2009-12-08 16:25 [9fans] etherigbe.c using _xinc? Venkatesh Srinivas
@ 2009-12-08 16:36 ` erik quanstrom
2009-12-08 19:35 ` Russ Cox
0 siblings, 1 reply; 9+ messages in thread
From: erik quanstrom @ 2009-12-08 16:36 UTC (permalink / raw)
To: 9fans
On Tue Dec 8 11:28:30 EST 2009, me@acm.jhu.edu wrote:
> Hi,
>
> I noticed etherigbe.c (in igberballoc) was recently changed to
> increment the refcount on the block it allocates. Any reason it uses
> _xinc rather than incref?
>
> -- vs
because it's not a Ref. unfortunately, if it were
a Ref, it would be much faster. _xinc is deadly
slow even if there is no contention on x86.
i wish the ref counting had at least been isolated to the
case that needs them. blocks in queues typically
have one owner. so the owner of the block assumes
it can modify the block whenever with no locking.
ref counting means this assumption is false.
i'm not sure how your supposed to wlock a block.
- erik
^ permalink raw reply [flat|nested] 9+ messages in thread
* Re: [9fans] etherigbe.c using _xinc?
2009-12-08 16:36 ` erik quanstrom
@ 2009-12-08 19:35 ` Russ Cox
2009-12-08 19:52 ` John Floren
2009-12-08 20:00 ` erik quanstrom
0 siblings, 2 replies; 9+ messages in thread
From: Russ Cox @ 2009-12-08 19:35 UTC (permalink / raw)
To: Fans of the OS Plan 9 from Bell Labs
> because it's not a Ref. unfortunately, if it were
> a Ref, it would be much faster. _xinc is deadly
> slow even if there is no contention on x86.
do you have numbers to back up this claim?

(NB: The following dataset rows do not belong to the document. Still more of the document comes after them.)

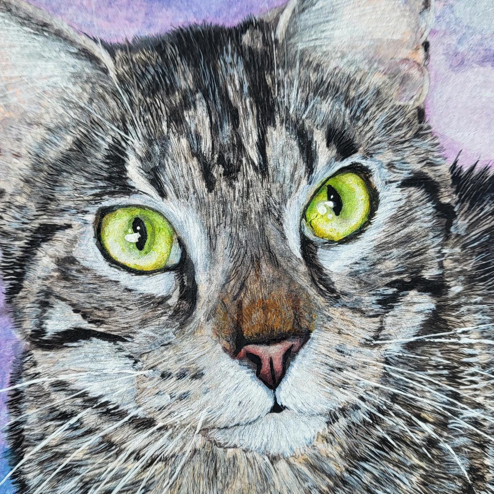 This listing is for a beautiful custom hand-painted portrait of your most precious and beloved cat in vibrant mixed media! Painted with love by the artist to honor your kitty's beauty, personality and spirit, each portrait is an original, one-of-a-kind piece that has been created by hand with time and care. A wonderful way to commemorate your most precious moments and memories with your loved one.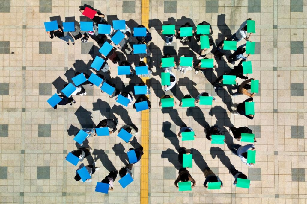 청렴 카드섹션 퍼포먼스는 드론 촬영을 통해 '정렴'에서 '청렴'으로 변화하는 과정을 시각적으로 보여주는 독특한 형식으로 진행됐다.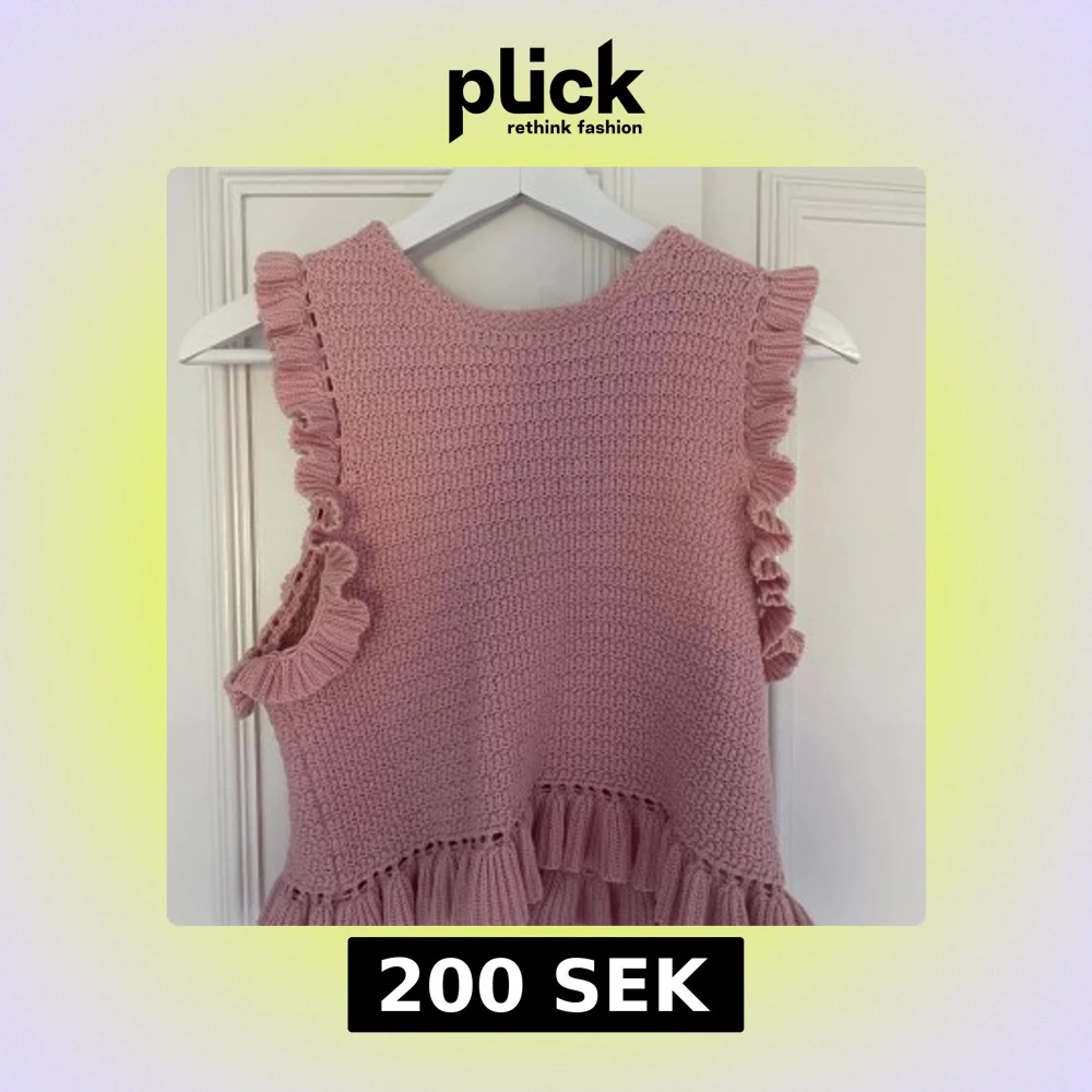 Supersöt rosa stickad klänning med volanger längs ärmhål och nederkant. Perfekt för dig som gillar en romantisk och feminin stil. Klänningen har en rund halsringning och är ärmlös.

you are claiming that the locked XCHGL
in tas (pc/l.s) called from lock (port/taslock.c)
called from incref (port/chan.c) is "much faster"
than the locked INCL in _xinc (pc/l.s).
it seems to me that a locked memory bus
is a locked memory bus.
also, when up != nil (a common condition),
lock does a locked INCL and DECL
(_xinc and _xdec) in addition to the tas,
which seems like strictly more work than
a single _xinc.
russ
^ permalink raw reply [flat|nested] 9+ messages in thread
* Re: [9fans] etherigbe.c using _xinc?
2009-12-08 19:35 ` Russ Cox
@ 2009-12-08 19:52 ` John Floren
2009-12-08 20:00 ` erik quanstrom
1 sibling, 0 replies; 9+ messages in thread
From: John Floren @ 2009-12-08 19:52 UTC (permalink / raw)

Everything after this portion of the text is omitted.